Yaşlı Kadınlar İçin Kemik Sağlığına Bağlı Yaşam Doyumu

Yaşlı kadınlarla yapılan yeni bir araştırma, yaşam memnuniyetinin daha yüksek kemik yoğunluğu ve daha az osteoporoz ile bağlantılı olduğunu bulmuştur.

Doğu Finlandiya Üniversitesi'nden araştırmacılar, 1989'da başlatılan bir osteoporoz risk faktörü çalışmasının bir bileşeni olarak 60-70 yaşlarındaki kadınlardan toplanan bilgileri inceledi.

Öznel iyi oluşun değerlendirilmesi, genellikle akıl sağlığı ve depresyonu tahmin etmek için kullanılır. Yeni çalışmada, öznel iyi oluşu ölçmek için yaşam doyumu kullanılmıştır. Amaç, yaşam memnuniyetinin kemik sağlığı ile de ilişkili olup olmadığını bulmaktı.

Osteoporoz, kolayca kemik kırılmasına neden olan yaygın bir hastalıktır ve özellikle kalça kırıklarının ciddi sonuçları olabilir. İnsanlar yaşlandıkça kemik yoğunluğu azalır; ancak kadınlar için menopoz önemli bir risk faktörü oluşturmaktadır.

Osteoporozun diğer risk faktörleri arasında düşük seviyelerde fiziksel aktivite, hafif vücut kompozisyonu, sigara, düşük kalsiyum ve D vitamini alımının yanı sıra bazı ilaçlar ve tıbbi durumlar yer alır.

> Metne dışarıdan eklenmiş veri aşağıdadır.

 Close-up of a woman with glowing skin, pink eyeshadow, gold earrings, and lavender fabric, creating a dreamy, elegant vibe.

Depresyonla ilişkili uzun vadeli stres metabolizmayı etkileyebileceğinden, ruh sağlığının da kemik sağlığını etkilediğine inanılıyor. Depresyonda olan bir kişinin sağlık davranışı, kişi sigara içebileceği veya çok az egzersiz yapabileceği için osteoporoz riskini de artırabilir.

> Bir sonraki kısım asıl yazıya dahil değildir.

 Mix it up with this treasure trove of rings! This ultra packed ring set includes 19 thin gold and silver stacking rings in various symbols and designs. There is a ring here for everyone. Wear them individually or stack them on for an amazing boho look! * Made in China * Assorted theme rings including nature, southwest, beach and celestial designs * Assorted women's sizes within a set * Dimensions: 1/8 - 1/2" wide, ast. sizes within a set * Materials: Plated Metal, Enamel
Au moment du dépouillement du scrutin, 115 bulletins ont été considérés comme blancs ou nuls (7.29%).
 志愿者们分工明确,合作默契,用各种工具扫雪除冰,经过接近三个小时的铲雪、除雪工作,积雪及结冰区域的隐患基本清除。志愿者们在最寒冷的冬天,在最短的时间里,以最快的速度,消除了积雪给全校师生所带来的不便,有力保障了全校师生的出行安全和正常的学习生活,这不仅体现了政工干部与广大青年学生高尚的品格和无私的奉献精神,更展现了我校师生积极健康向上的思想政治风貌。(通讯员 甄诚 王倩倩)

Çalışma katılımcıları posta anketlerine yanıt verdiler ve kemik yoğunluğu ölçümlerine katıldılar. Mevcut alt çalışma, 1999 yılında kemik yoğunluğu ölçümü yapılan 2.167 kadını içeriyordu ve bu kadınlardan 1.147'si, on yıl sonra, 2009'da takip ölçümlerine katıldı.

Araştırmacılar, çalışma katılımcılarının yaşam, mutluluk ve yalnızlığa olan ilgisi ve kolaylığı ile ilgili sorularla yaşam doyumunu değerlendirdiler. Cevaplara göre, çalışma katılımcıları üç gruba ayrıldı: memnun, orta grup ve memnun değil.

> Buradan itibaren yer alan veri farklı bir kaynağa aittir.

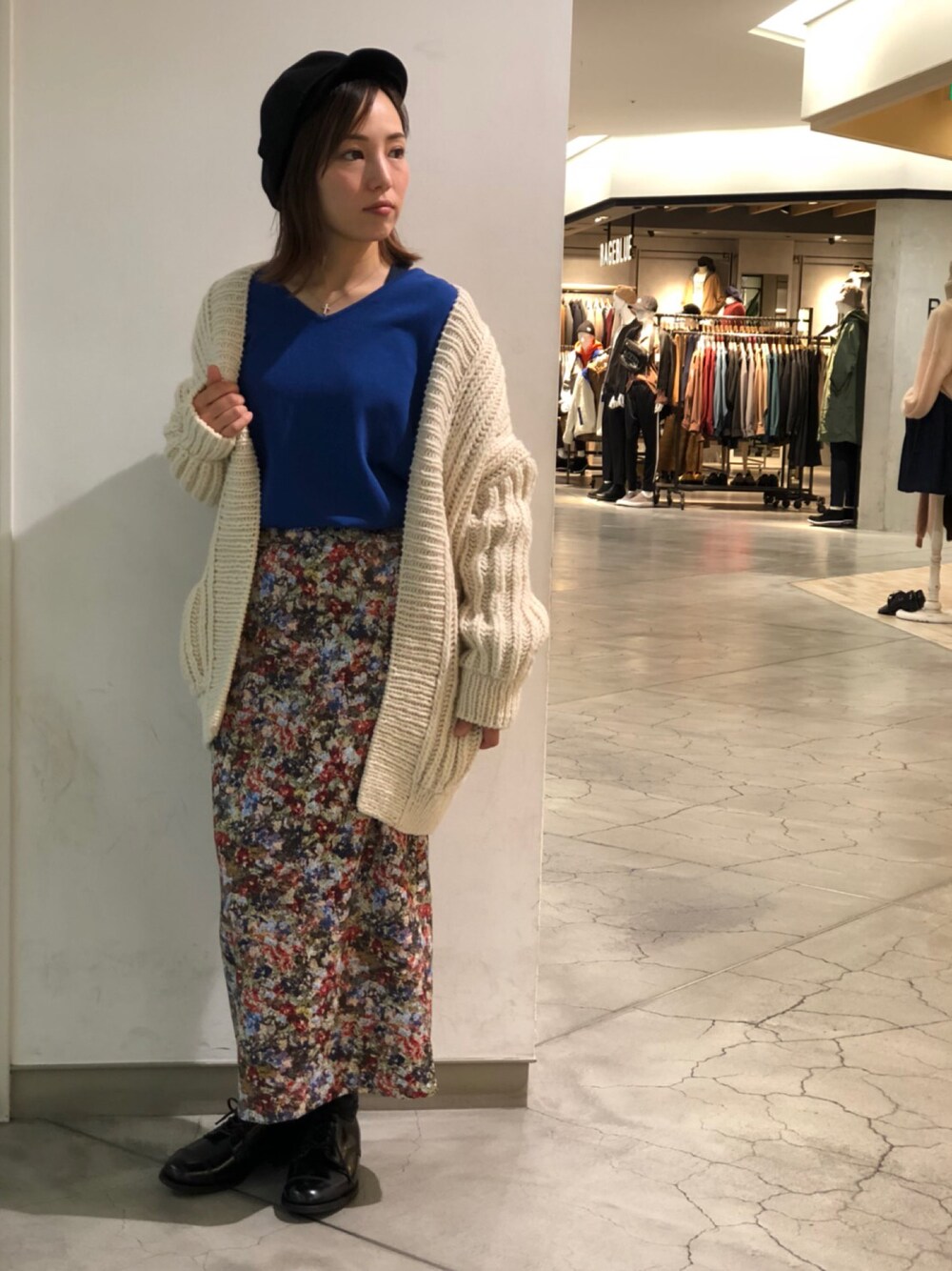 この時期大活躍のニットカーディガン♡ 柄物のスカートでコーディネートしてみました‼︎

10 yıllık takip sırasında, tüm çalışma katılımcılarının kemik yoğunluğu ortalama yüzde 4 oranında zayıfladı; ancak memnun olan ve olmayan arasındaki fark yüzde 52'ye kadar çıktı.

10 yıllık takip sırasında yaşam memnuniyetindeki değişiklikler de kemik yoğunluğunu etkiledi. Yaşam doyumu kötüleşen kişilerde kemik yoğunluğu, yaşam doyumu artanlara göre yüzde 85 oranında zayıfladı.

Araştırmacılar, bulguların, yaşam doyumunun önemli bir kaynak ve refahın göstergesi olduğunu açıkça gösterdiğine inanıyor. Yaşam doyumu sağlıkla ilişkilendirilmiştir ve memnuniyetsizlik, iş, hastalık ve ölüm için yetersizliğin bir göstergesidir.

Bu çalışmaya göre, iyi bir yaşam memnuniyeti yaşa bağlı osteoporozu azalttığı için kemik sağlığı ile de ilişkilidir.

Bu nedenle, yaşlılarda iyi yaşam doyumunun ve iyi ruhların teşvik edilmesi, sağlıklı yaşam tarzı seçimlerini teşvik etmek kadar önemlidir.

Çalışma bulguları dergide yayınlandı Psikosomatik Tıp.